Editor's note: This is the third installment in a three-part series.
For the last two weeks, we've been talking about how we exercise power over our own lives. Some of us, we noted, are submissive, denying we have power or giving it away to others. And some of us are aggressive, insisting we are in charge, trying to control almost everything that goes on around us. This week we're going to talk about a more constructive alternative. Let's call it being "assertive."
Being assertive means claiming and exercising no more -- and no less -- power than is rightfully ours in any given situation. Now, that's not only difficult to say, it is also difficult to do. It involves figuring out what we are really responsible for, what we ought to do, and then doing it. Let's look at a few examples and see if that helps.
As parents we certainly are responsible for our children, but within limits -- limits that change as our children get older. For instance, we need to exercise our power to help our 4-year-old choose friends (to not do so would be submissive).
However, it would be inappropriate for us to exercise the same amount of power in the life of our 14-year-old (if we did, that would be aggressive). That does not mean we won't be anxious at times about her choice of friends, nor does it mean we won't express our opinions. It does mean that she ultimately has the power to make such decisions for herself.

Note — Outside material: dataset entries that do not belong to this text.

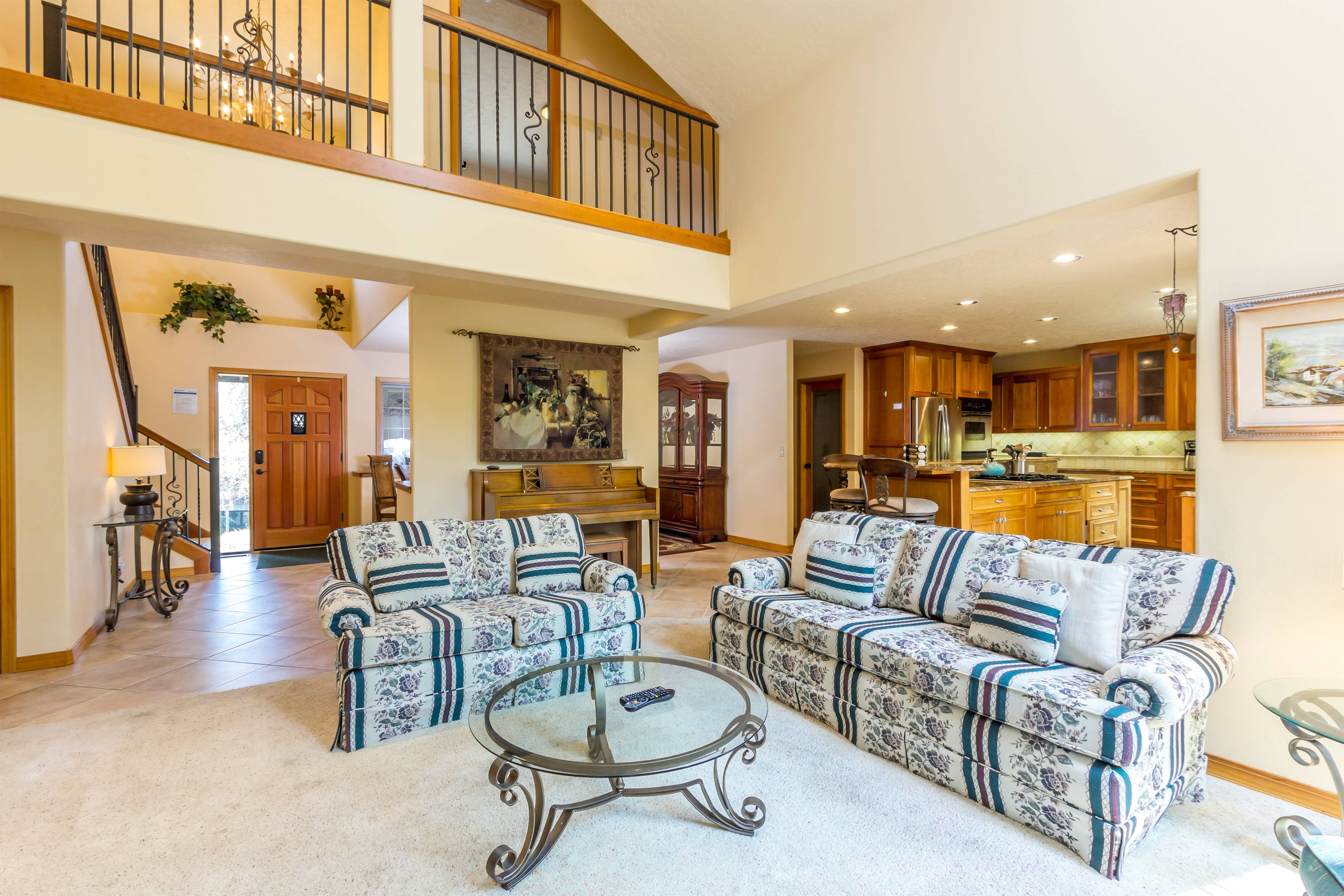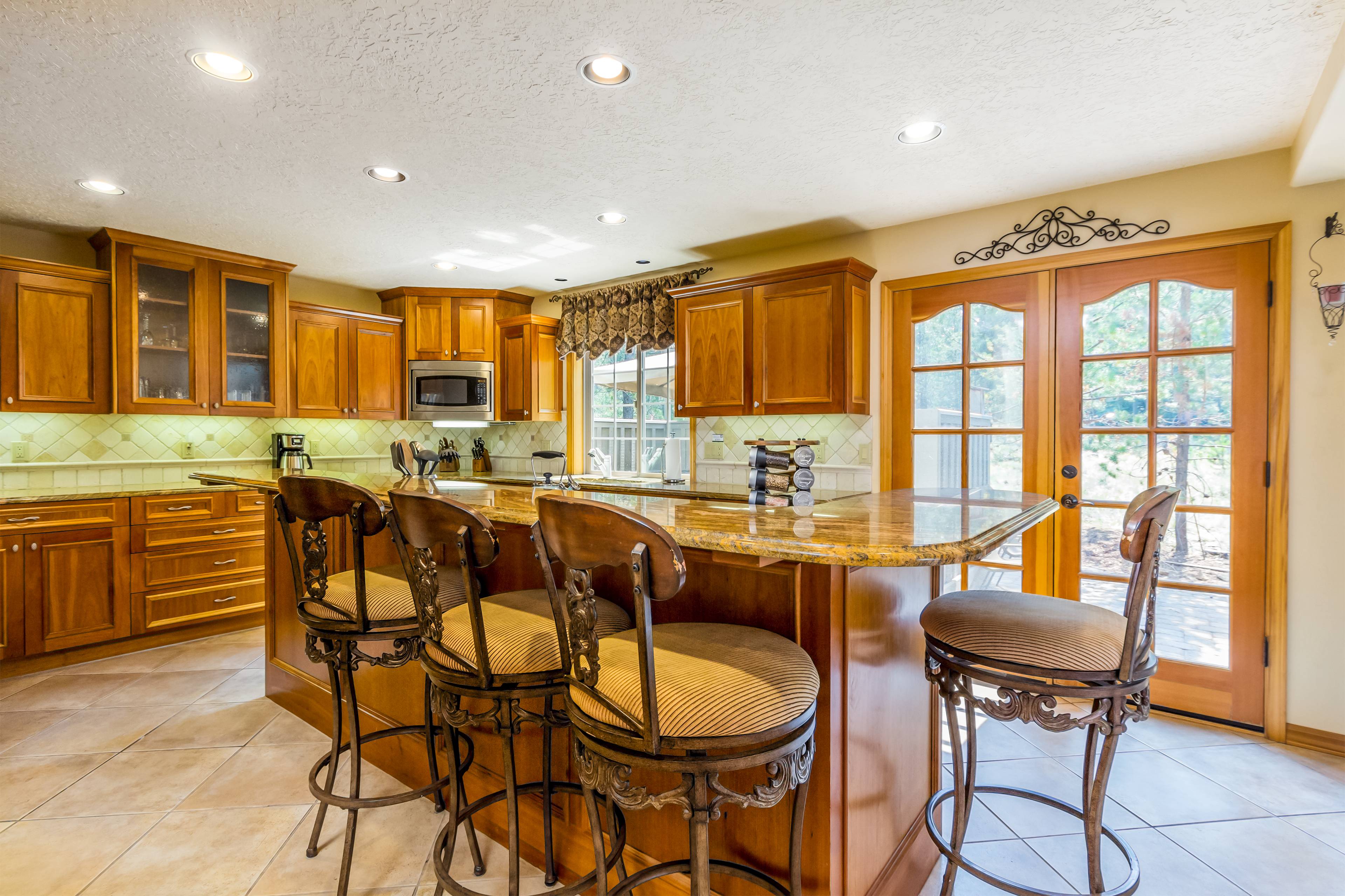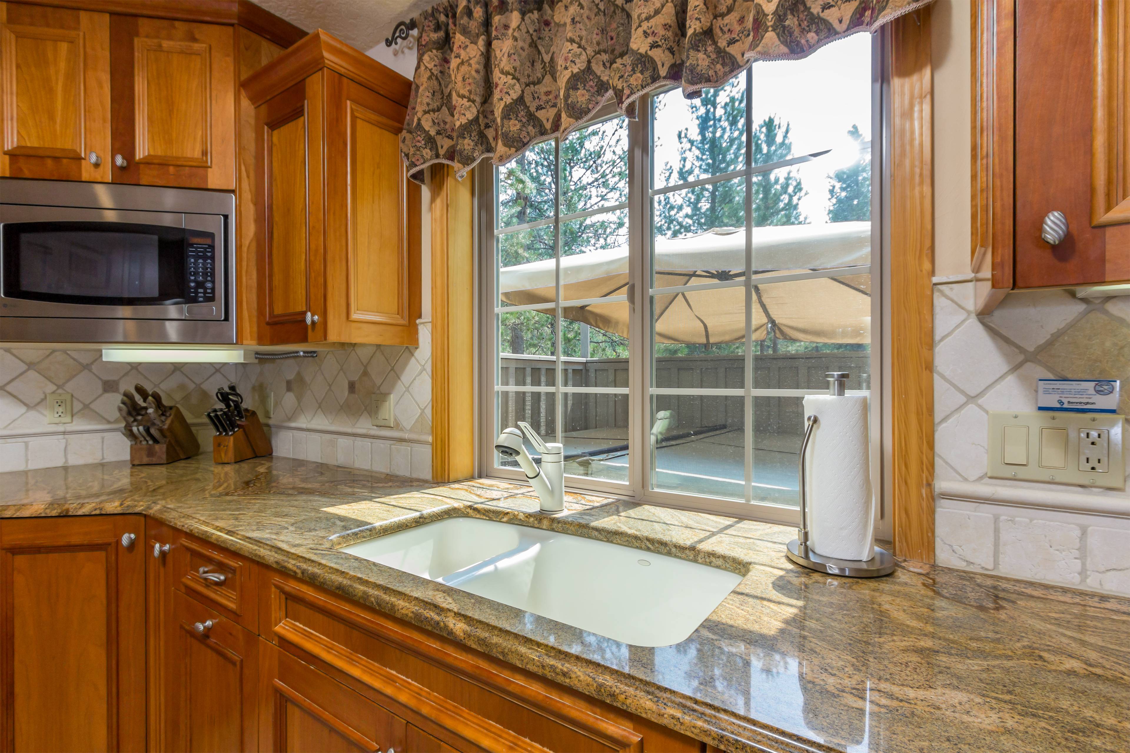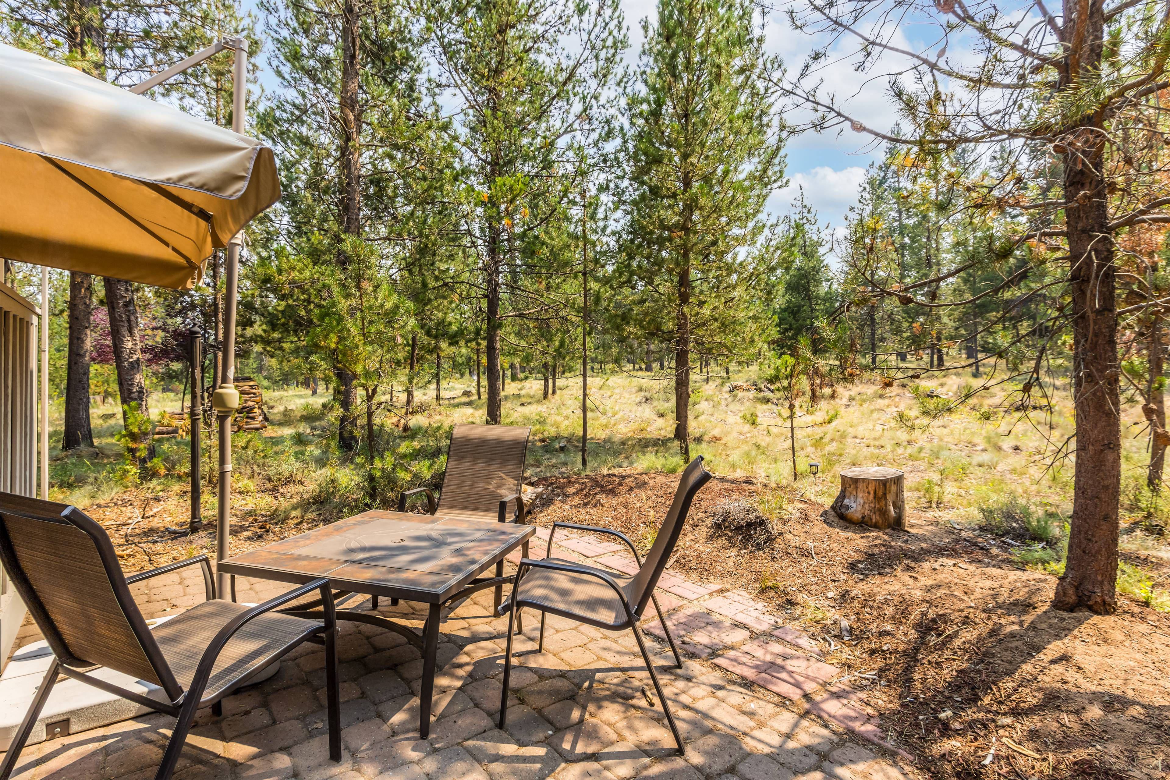 This centrally located Sunriver home is bright and cheery and the spacious floor plan is perfect for gathering the family. The living room boasts comfortable seating, a flat screen TV, and gas fireplace. The kitchen is well stocked, including a gas stove and bar seating. Step outside to find patio seating, a gas grill and private hot tub, surrounded by the forest.
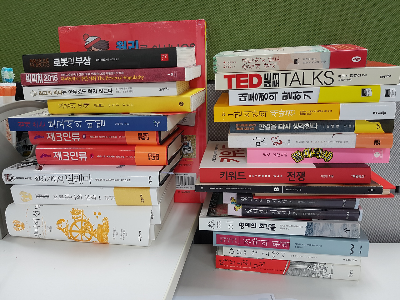 회사 책상 위에 쌓아노은 책들 중에 한 권을 들고 퇴근한다.
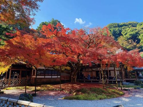 ▲ 枝垂樱:寺内拥有树龄超过300年的巨型枝垂樱,其枝条如瀑布般垂落,覆盖整个庭院,视觉冲击力极强。 2. 静谧氛围:相较于都市公园,此处游客较少,环境清幽,充满禅意,适合静心欣赏和拍摄人像。 3. 复合红叶:寺内同时有大量枫树,若在早春稍晚时节,可见“樱枫同框”的稀有景致。
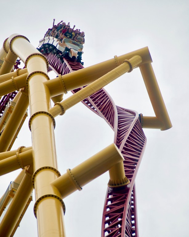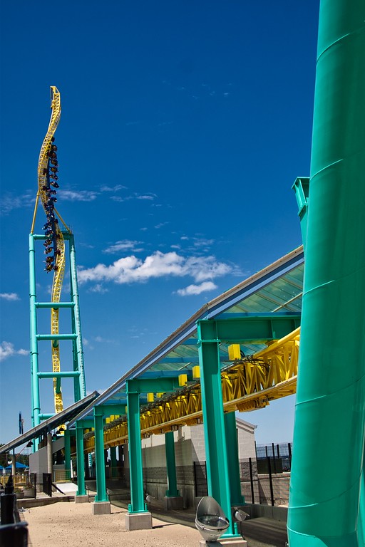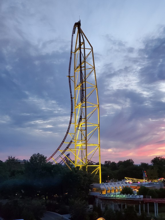 Top Thrill Dragster is an Intamin launched strata coaster, which opened in May 2003 as the world’s first full-circuit coaster to exceed 400 feet. Cedar Point used a 480-foot crane, one of only four in the United States, to erect the structure. Top Thrill Dragster, which stands at 420 feet and reaches 120 mph, spent only two years as the world’s tallest and fastest coaster before Kingda Ka opened at Six Flags Great Adventure in Jackson, New Jersey. In August 2021, a guest standing in line was struck by a piece of a launching train. The ride was immediately closed and remained closed for the rest of 2021 and the entirety of the 2022 season. Cedar Point officially announced in September 2022 that the coaster “as you know it” was being retired and teased a new and reimagined ride experience.
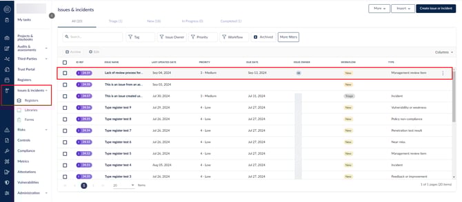 انتقل إلى Issues & Incidents > Registers، وانقر على المشكلة التي قمت بربطها أو إنشائها مقابل حكم معين.
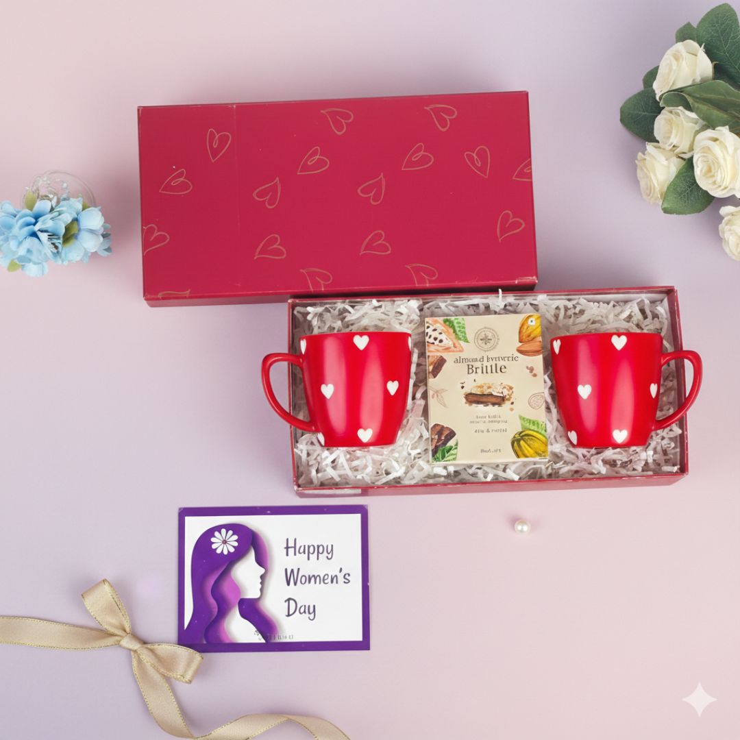 The Happy Women’s Day Premium Couple Mug Gift Set is thoughtfully curated for structured Women’s Day corporate gifting programs focused on appreciation and recognition. Designed to reflect warmth, gratitude, and meaningful acknowledgment, this premium gift set combines elegant red heart mugs with a refined cacao pairing and a formal greeting presentation.
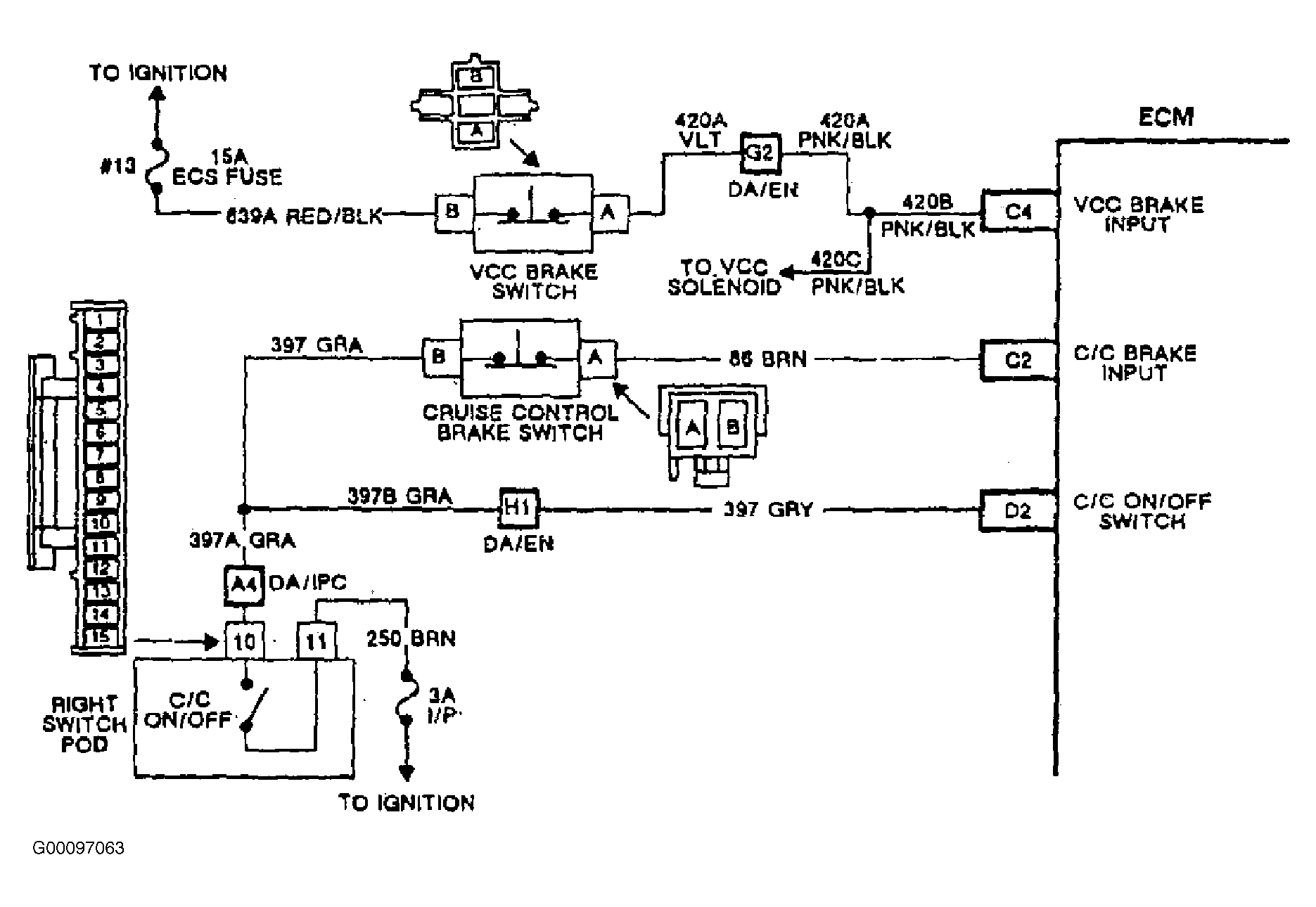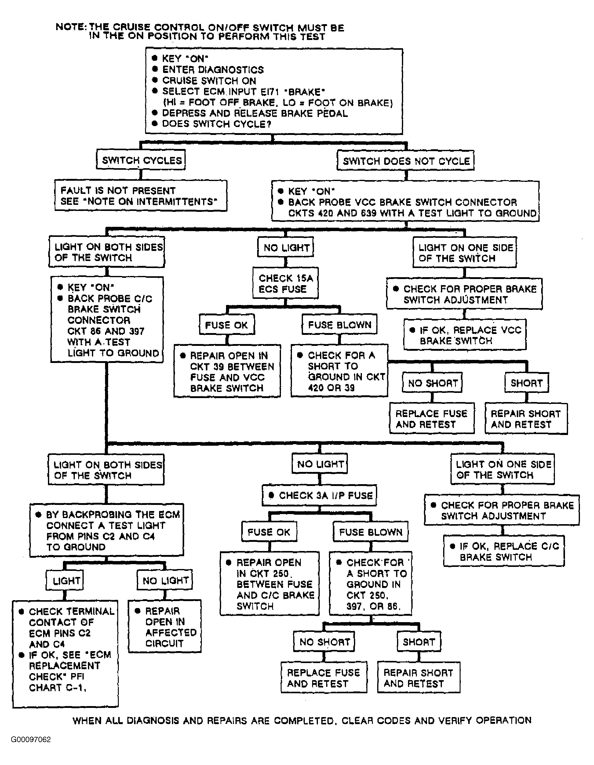 Check switch for proper adjustment. Check for intermittent open circuit on circuits No. 86 and 420 from brake switches to ECM. Turn cruise On/Off switch off and manipulate wiring for circuit. No. 420. If ECM input EI71 jumps from "HI" to "LO", repair intermittent connection in circuit No. 86. If the 15-amp or 3-amp ECS fuse is being blown intermittently, check circuits No. 86 and 420 for intermittent shorts to ground.
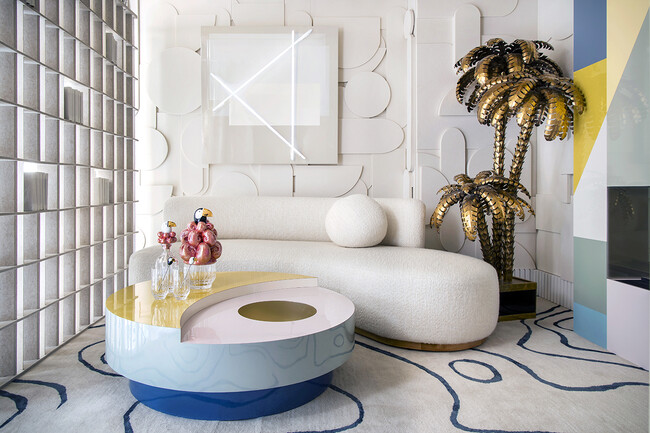 Este salón diseñado por As Interiorista (el estudio de diseño formado por Adriana Somoza y Caridad Tercero) para la edición de Casa Decor del 2021, combina los elementos más clásicos de inspiración midcentury, con elementos tan contemporáneos como una pared texturizada y diseñada con un relieve de geometrías sobrepuestas.
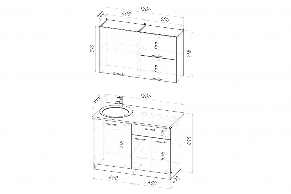 Мойка, смеситель, стеновая панель и посудосушитель в комплект гарнитура не входят.
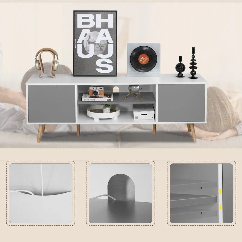 AVAWING Mid-Century Modern TV Stand for 60 TV with Storage and Open Shelf
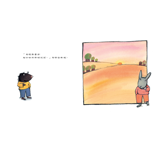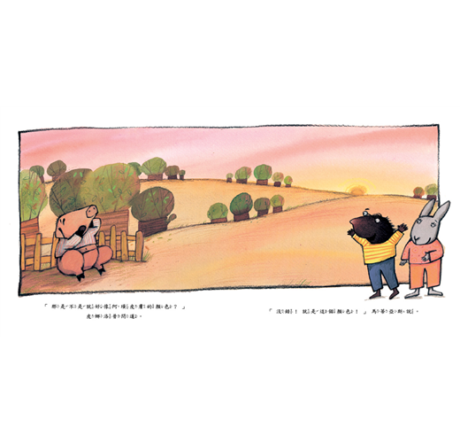 皮娜洛普是個貼心的朋友,她不是直接把自己的答案告訴馬蒂亞斯,而是以實物來提醒馬蒂亞斯生活中的事物和千變萬化的天空相對應的顏色,比如小豬阿璜的皮膚顏色、鸚鵡色彩豐富的羽毛顏色……
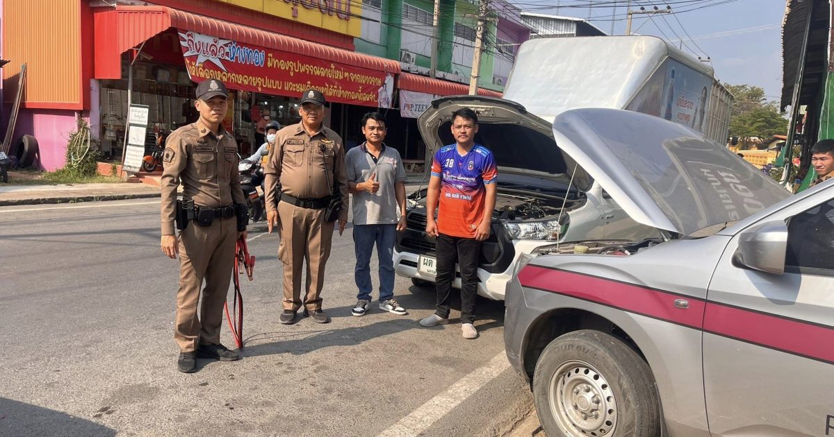 ร.ต.ท.สมชาย พันธุ์เขียน รอง สว.(ป)สภ.โกรกพระ ร้อยเวร 20 พร้อมสายตรวจรถยนต์ให้ความช่วยเหลือประชาชนรถยนต์(เครื่องยนต์สตาร์ทไม่ติด) สาเหตุแบตเตอรี่ไฟไม่พอสตาร์ท สายตรวจรถยนต์ได้ให้ความช่วยเหลือแก้ไขพ่วงแบตเตอรี่ สามารถเดินทางต่อไปได้
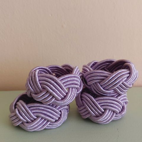 6 søde, mørkerøde, firkantede servietringe i glas.
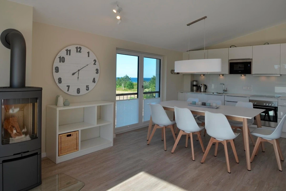 Die grossen, bodentiefen Fenster lassen viel Licht herein und gestatten einen wunderbaren BLICK AUF DIE OSTSEE.

As spouses we certainly have an investment in the health of our husbands and wives. If they are out of shape, overweight, smoke, etc., ... we do have a right to assertively express our concern. But that does not mean we are responsible for their health, nor ought we try to aggressively coax, nag or force them to take care of themselves.
If we are a supervisor, we do have legitimate power over the work of those we supervise. We don't want to submissively let them do whatever they want. Yet we can "oversupervise," try to dictate every action of our subordinates and make everyone less productive in the process.
As citizens in a democratic society, we have the right to expect certain things from our elected officials and express our opinions frequently and forcefully. But we draw the line at the use of violence as a means of political persuasion.
Submissive, assertive, aggressive: If the above examples give the impression that it is difficult to sort out which is which, that things change from situation to situation, and that just being assertive is often hard to do, then you understand perfectly! That's one reason so many of us wind up being either submissive or aggressive. It is much easier to simply give away or seize power than it is to "claim and exercise no more and no less power than is rightfully ours."
Each situation in which we have power requires that we decide what it means to be assertive. Of course, we can help ourselves if we try to be consistent in similar situations; if we put ourselves in other peoples' places and try to see things from their perspective; if we think about what is best in the long run for everybody involved; if we consider what is really possible, and if we recognize that we all have potentials and limitations.
Given all that, though, we can never be sure we are being appropriately assertive. It is something we'll work at our entire lives. And we need to gather around us the sort of people who are also committed to being assertive and who will give us open and honest feedback about our efforts. Then, we just have to be assertive enough to ask them for it.